In this case, we have an object of mass 2.00 kg hanging vertically, causing the spring to stretch 3.17 cm. We can convert the mass to weight using the acceleration due to gravity (9.8 m/s^2):
Weight = mass * acceleration due to gravity
Weight = 2.00 kg * 9.8 m/s^2
The weight of the object is the force applied to the spring, so we can substitute this into Hooke's law equation:
Weight = k * x
2.00 kg * 9.8 m/s^2 = k * 0.0317 m
Now, we can solve for the force constant:
k = (2.00 kg * 9.8 m/s^2) / 0.0317 m
k ≈ 61.6 N/m
Therefore, the force constant of the spring is approximately 61.6 N/m.
(b) To calculate how far the spring will stretch when a 1.00-kg block is hung on it, we can again use Hooke's law.
Let's denote the displacement as x2 (stretch when 1.00-kg block is hung).
The weight of the 1.00-kg block is 1.00 kg * 9.8 m/s^2, which is the force applied to the spring. So we have:
Force = k * x2
1.00 kg * 9.8 m/s^2 = 61.6 N/m * x2
Now we can solve for x2:
x2 = (1.00 kg * 9.8 m/s^2) / 61.6 N/m
x2 ≈ 0.159 m
Multiplying by 100 to convert to cm, we get:
x2 ≈ 15.9 cm
Therefore, if a 1.00-kg block is hung on the spring, it will stretch approximately 15.9 cm.

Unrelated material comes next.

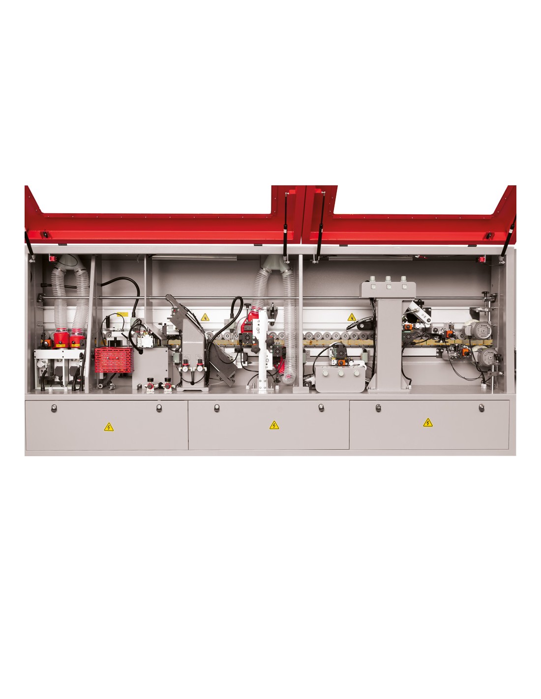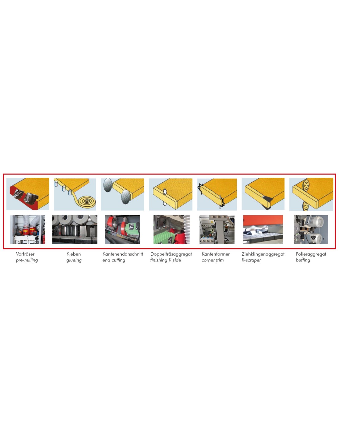 Découpe des bords (double fraise), une pour l'angle inférieur et une pour l'angle supérieur de la pièce (moteur de 0,3 kW par unité). Unité de raclage avec rayon (supérieur/inférieur).
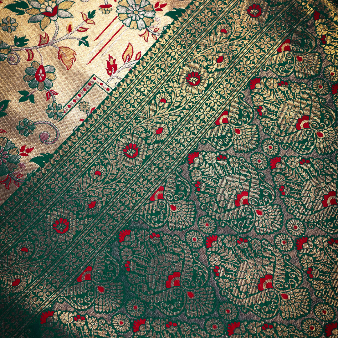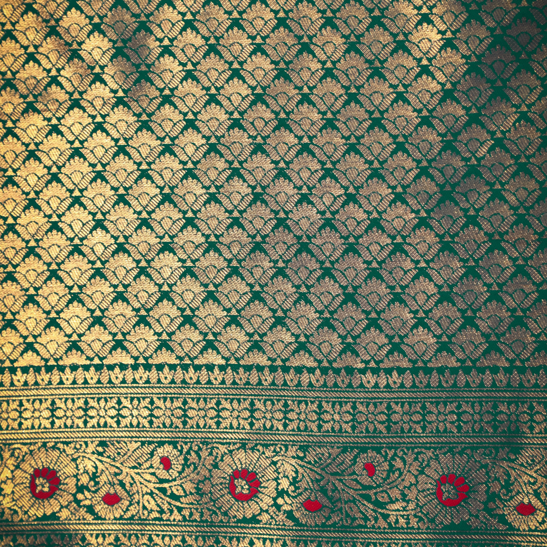 A ceremonial Dharmawaram saree in 6.5 meters cut, detailed with Nylon Jari that exudes tradition and class.

(c) To calculate the work required to stretch the spring 8.50 cm from its unstretched position, we can use the formula for the work done by a spring:
Work = (1/2) * k * (x^2 - x0^2)
In this equation, k is the force constant of the spring, x is the final displacement, and x0 is the initial displacement (which is zero in this case since it's from the unstretched position).
We know the force constant of the spring is 61.6 N/m, and the final displacement is 8.50 cm (converting to meters: 0.085 m), and the initial displacement is 0.
Work = (1/2) * (61.6 N/m) * ((0.085 m)^2 - (0 m)^2)
Work ≈ 2.32 J
Therefore, the external agent must do approximately 2.32 Joules of work to stretch the spring 8.50 cm from its unstretched position.